EXERCISE BRIEF> Output the line containing "图1. Fritz Zwicky (左)和他研究的后发(Coma)星系团" and each line after it through the end of the data, exactly as written, with pictures left out.

STORED DATA>
'''

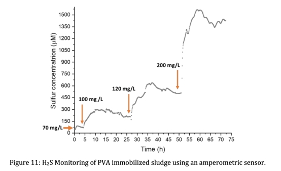 4. H?S監測平臺應用:采用Unisense安培H?S微傳感器檢測PVA固定化污泥的H?S產量(圖11),驗證方法的監測可行性。
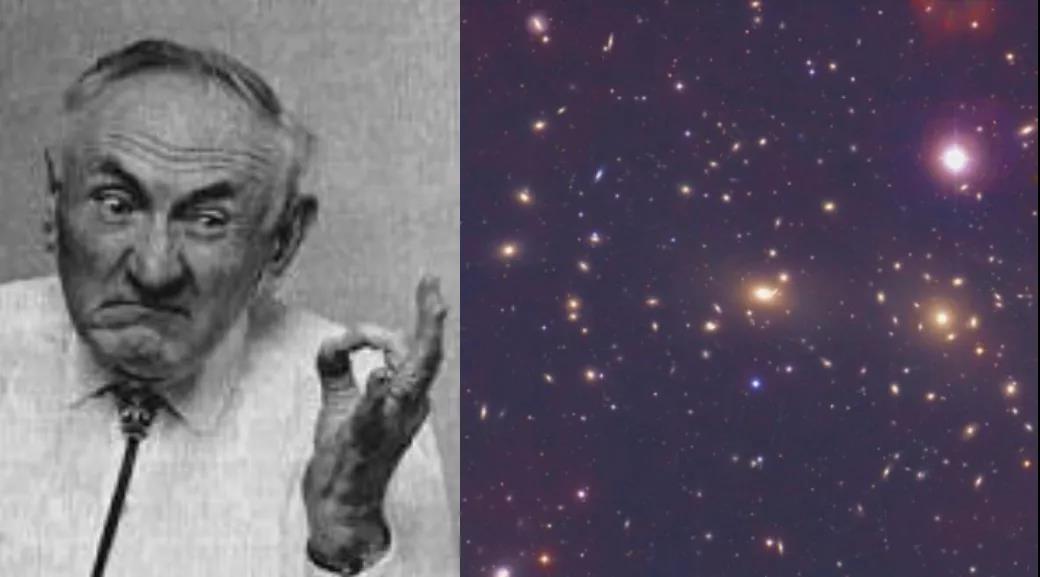 图1. Fritz Zwicky (左)和他研究的后发(Coma)星系团
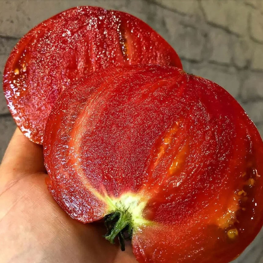 Индетерминантный, высокорослый (до 2 м), среднеспелый сорт с длительным периодом плодоношения. Показывает прекрасную завязываемость плодов и высокую урожайность. Лист простой, через 3 листа – кисть. Томаты имеют чуть вытянутую форму с заостренным носиком, напоминающую в разрезе сердце, мясистые, малосемянные, вкусные. Весом 150-300 грамм. Плодоносит до поздней осени. Томаты можно потреблять в свежем виде, а также перерабатывать на соки, пасты, кетчупы.
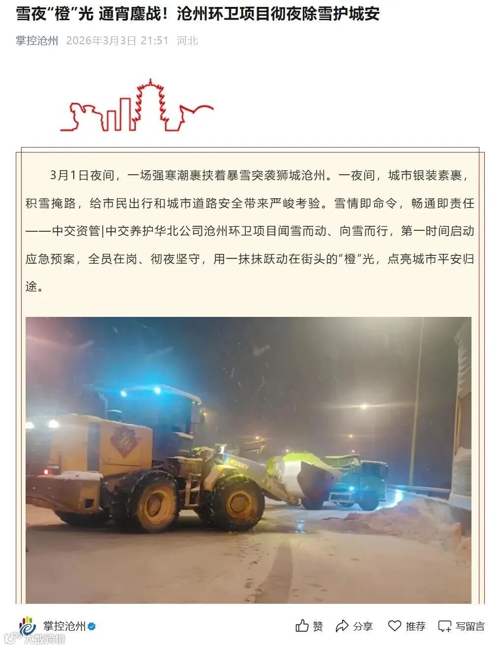 3月3日,《沧州日报》、“掌控沧州”刊发题为《雪夜“橙”光 通宵鏖战!沧州环卫项目彻夜除雪护城安》文章,概述了公司沧州环卫项目闻雪而动、向雪而行,第一时间启动应急预案,全员在岗、彻夜坚守,用一抹抹跃动在街头的“橙”光,点亮城市平安归途。一起来看!

'''

EXERCISE RESULT>
 图1. Fritz Zwicky (左)和他研究的后发(Coma)星系团
 Индетерминантный, высокорослый (до 2 м), среднеспелый сорт с длительным периодом плодоношения. Показывает прекрасную завязываемость плодов и высокую урожайность. Лист простой, через 3 листа – кисть. Томаты имеют чуть вытянутую форму с заостренным носиком, напоминающую в разрезе сердце, мясистые, малосемянные, вкусные. Весом 150-300 грамм. Плодоносит до поздней осени. Томаты можно потреблять в свежем виде, а также перерабатывать на соки, пасты, кетчупы.
 3月3日,《沧州日报》、“掌控沧州”刊发题为《雪夜“橙”光 通宵鏖战!沧州环卫项目彻夜除雪护城安》文章,概述了公司沧州环卫项目闻雪而动、向雪而行,第一时间启动应急预案,全员在岗、彻夜坚守,用一抹抹跃动在街头的“橙”光,点亮城市平安归途。一起来看!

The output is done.